Objective The original EuroSCORE models are poorly calibrated for predicting mortality in contemporary cardiac surgery. EuroSCORE II has been proposed as a new risk model. The objective of this study was to assess the performance of EuroSCORE II in UK cardiac surgery.
Design A cross-sectional analysis of prospectively collected multi-centre clinical audit data, from the Society for Cardiothoracic Surgery in Great Britain and Ireland Database.
Setting All NHS hospitals, and some UK private hospitals performing adult cardiac surgery.
Patients 23 740 procedures at 41 hospitals between July 2010 and March 2011.
Main outcome measures The main outcome measure was in-hospital mortality. Model calibration (Hosmer–Lemeshow test, calibration plot) and discrimination (area under receiver operating characteristic curve) were assessed in the overall cohort and clinically defined sub-groups.
Results The mean age at procedure was 67.1 years (SD 11.8) and 27.7% were women. The overall mortality was 3.1% with a EuroSCORE II predicted mortality of 3.4%. Calibration was good overall but the model failed the Hosmer–Lemeshow test (p=0.003) mainly due to over-prediction in the highest and lowest-risk patients. Calibration was poor for isolated coronary artery bypass graft surgery (Hosmer–Lemeshow, p<0.001). The model had good discrimination overall (area under receiver operating characteristic curve 0.808, 95% CI 0.793 to 0.824) and in all clinical sub-groups analysed.
Conclusions EuroSCORE II performs well overall in the UK and is an acceptable contemporary generic cardiac surgery risk model. However, the model is poorly calibrated for isolated coronary artery bypass graft surgery and in both the highest and lowest risk patients. Regular revalidation of EuroSCORE II will be needed to identify calibration drift or clinical inconsistencies, which commonly emerge in clinical prediction models.
- Risk assessment
- EuroSCORE II
- cardiac surgery
- coronary artery bypass grafting
- aortic valve replacement
Statistics from Altmetric.com
If you wish to reuse any or all of this article please use the link below which will take you to the Copyright Clearance Center’s RightsLink service. You will be able to get a quick price and instant permission to reuse the content in many different ways.
- Risk assessment
- EuroSCORE II
- cardiac surgery
- coronary artery bypass grafting
- aortic valve replacement
Risk prediction models have played an important role in cardiac surgery for over 20 years. They are used to provide information on risk to clinicians and patients, to guide clinical decision-making and benchmark clinical services. One of the first cardiac surgery risk prediction models to be published was the Parsonnet score, which was developed on data from 3500 cardiac surgery procedures performed in the USA in the 1980s.1 Although there were concerns that some key risk factors such as respiratory disease were missing from the Parsonnet score it was widely accepted. However, over time and with improved surgical outcomes, the performance of the model was shown to be poor2 ,3 and more contemporary models were developed.

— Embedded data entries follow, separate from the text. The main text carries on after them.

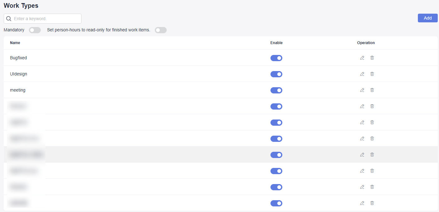 The default work types are as follows: R&D design, backend development, frontend development (web), frontend development (applet), frontend development (app), test and verification, defect rectification, UI design, meeting, public affairs, training, study, reassignment and leave, and other. You can add more work types as required.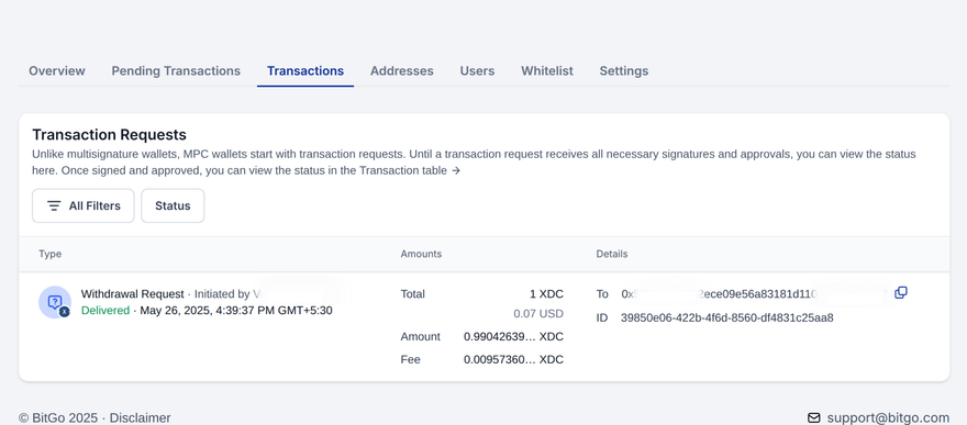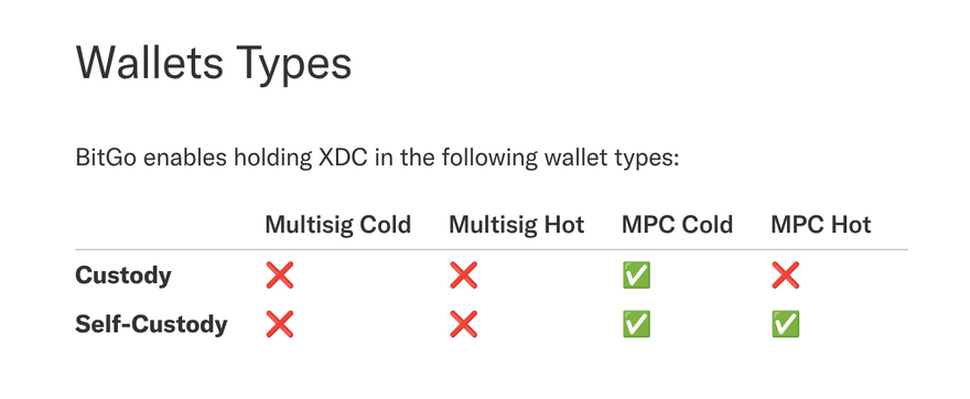 BitGo offers two primary wallet configurations for XDC: Digital Asset Custody Services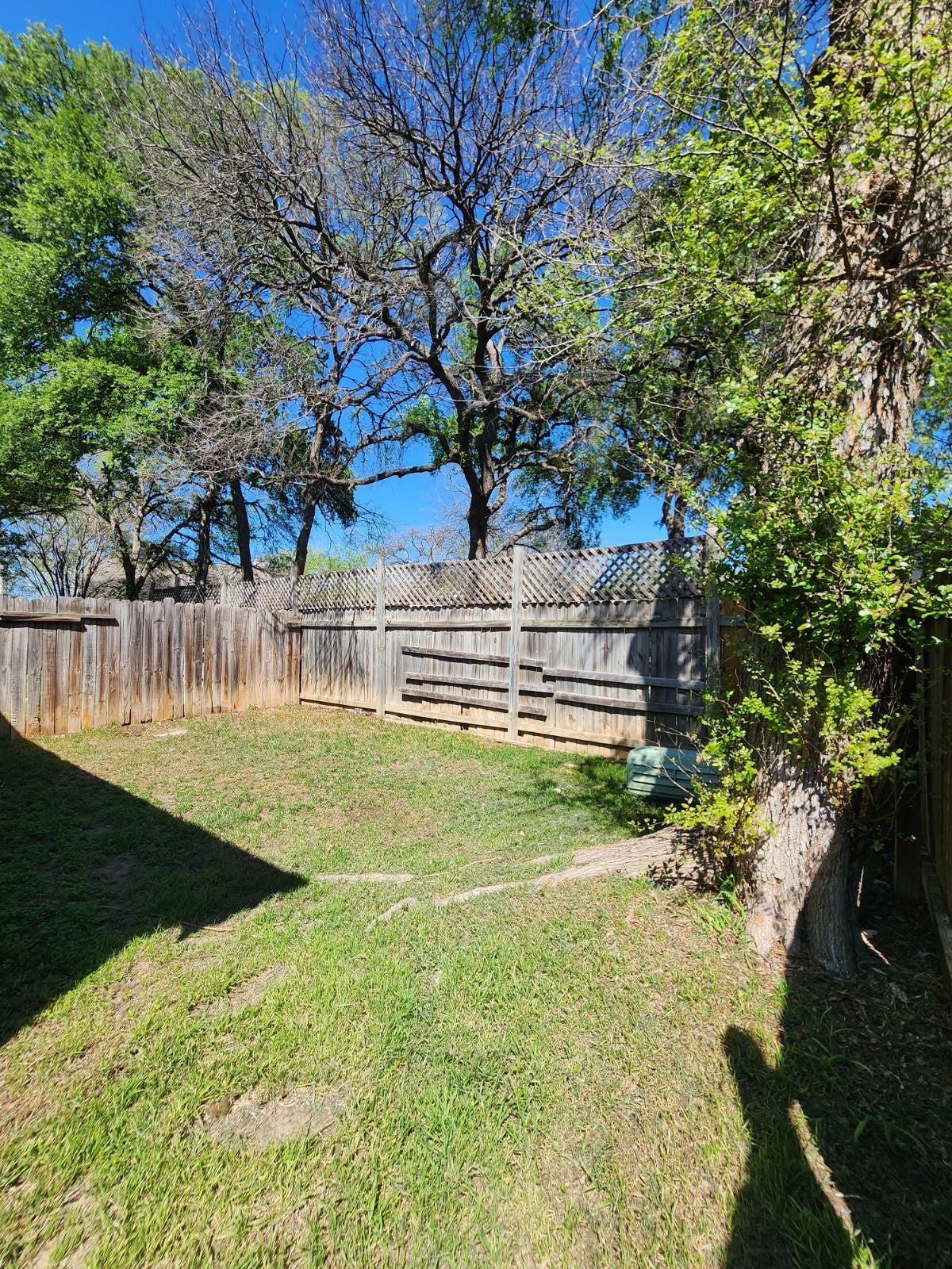 Well maintained unit with 2 beds, 2 full baths and a private fenced yard. No carpet - tiled flooring throughout, ready for move-in. Bright, open living area with vaulted ceilings and fireplace. Attached single-car garage with washer/dryer connections. Located near Tanglewood Forest Park, Pool, Kocurek Elementary, Southpark Meadows and more!
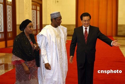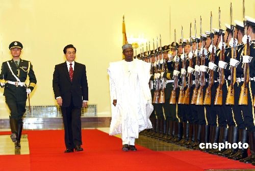 圖:胡錦濤舉行儀式歡迎尼日利亞聯邦共和國總統亞拉杜瓦

The EuroSCORE model was developed using data from 14 781 patients who had undergone cardiac surgery in eight European countries during 1995 and was initially published in 1999 as an additive model.4 This model was assessed in a number of different countries both inside and outside Europe and found to be valid.5 ,6 However, the accuracy of the additive model, particularly in high-risk patients, was questioned and the logistic version of the EuroSCORE was published in 2003.7 Although the logistic model required a computer program to calculate, it had the advantage of improved calibration, particularly in high-risk patients.8
The logistic EuroSCORE has been the risk prediction model of choice for European cardiac surgery for the past 9 years; however, it now over-predicts the risk of in-hospital mortality for contemporary cardiac surgery.9–11There are also potential limitations with how the EuroSCORE assigns risk among patients with renal disease12 and for those undergoing multiple cardiac procedures. In addition, concerns have been raised about the performance of the model in high-risk patients.13 To address these issues EuroSCORE II has been developed using data from 22 381 patients who underwent cardiac surgery during 2010.14 Before EuroSCORE II can be accepted as an appropriate risk model it requires validation in the population in which it is intended to be used. The objective of this study was to assess the performance of the EuroSCORE II in the UK adult cardiac surgery population.
Materials and methods
Data collection, validation and cleaning
Prospectively collected data for all cardiac surgery procedures performed in the UK between 26 July 2010 and 31 March 2011 were extracted from the Society for Cardiothoracic Surgery in Great Britain and Ireland (SCTS) Database. An algorithm was developed to clean the data by removing duplicate records, correcting transcriptional discrepancies and resolving any clinical or temporal conflicts. At this stage, and prior to any analysis, data were returned to each contributing hospital for local validation.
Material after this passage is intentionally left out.